There’s more than simple indifference at work in lives which are so tightly interwoven with human beings, because the storks are an active inconvenience. In their various movements and observances, they repeatedly drop or fumble with nesting materials. Clods of grass and mud fall down onto the cars below, and litter is scattered freely across the town with every relay run. I hear that in poor years, older chicks will kill younger ones and cast them tumbling from the nest. And I presume it’s then for the street sweepers to gather up the wrecked remains of busted death from the pavement.

When a bluetit chick falls from its nest and wilts on the kerbside, you could easily miss the tragedy. But a baby stork would splat on the slabs like a painter’s scaffolding, and this would be called a disgrace in Britain. Petitions would be signed and presented to the local council in an effort to “clean up our streets” or assign high-viz welfare officers to look after birds which seemed to be ailing. But we’re uniquely pathetic in this respect, and in this (as in so many things) the Spanish are our wonderful opposites.

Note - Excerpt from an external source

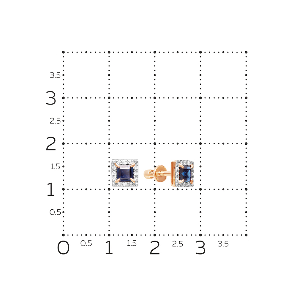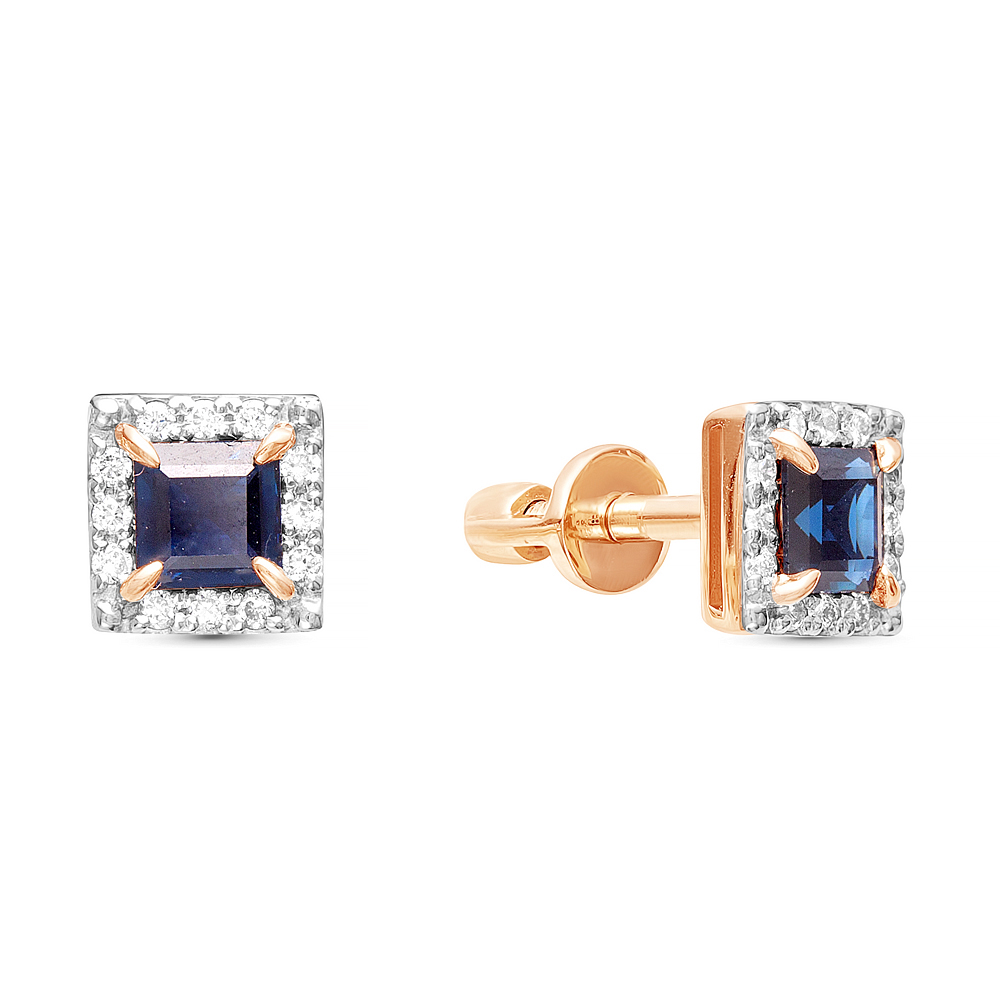 Серьги-пусеты с сапфирами и 24 бриллиантами из красного золота 110387

I doubt the people of Trujillo actively welcome shit and corpses strewn across their streets, but there’s nothing like a word of complaint from such close coexistence – and surely sufficient pleasure or duty to offset the inconvenience. Besides, certain buildings have custom-built racks and stays to stabilise the heavy nests, and even these are oddly passive help. It’s hard to know if they’re built to encourage the birds or simply because they’ll come and try anyway – and if they’re in a weldmesh cup, the risk and damage are reduced? Meanwhile, in certain farmers’ fields towards Santa Marta de Magasca, platforms are erected with the specific aim of drawing in storks to nest. There’s no real case to explain these towers beyond a simple desire to encourage birds where nest-sites might otherwise be lacking.

In the tourist shop which stands in the shadow of a dozen nests, there are postcards and fridge magnets which feature storks in all their strange enormity. Shops like these are always interesting because they show you what local people think you’ve come to see. Trujillo is endlessly beautiful, but there are only a handful of photographs of the plaza or the statue of bold Pizarro. Most of the shelf-space is given over to images of storks, and they’re worn as a badge of honour in the face of visiting crowds. They birds must lose their novelty eventually, but the people of Trujillo still know they are special – and it’s not for me to suggest that they don’t love the storks and the thousands of swifts which churn above the Alcazaba at dawn. It’s only to say that their love has a steadiness and a sense of calm that is quite unlike the fretful, restless disgust and concern that we seem to feel for birds in Britain.

For me, the rarest and most extraordinary thing we can do with wildlife is to look away from it; to know it’s there and think instead of something else. I don’t miss any one species which has declined or been lost from Galloway more than I miss the feeling that there’s nothing to worry about.



2 responses to “Storks”

  1. Trujillo in spring is a fabulous place, with the clacking of storks and surrounded by dehesa throbbing with life and buzzing with the soft sound of bee-eaters.

  2. “Petitions would be signed and presented to the local council in an effort to “clean up our streets.”” You’re so right, but I imagine the Spanish sun helps in its way to clean up the mess and turn it into something less likely to offend the wearer of white trainers when they step in it.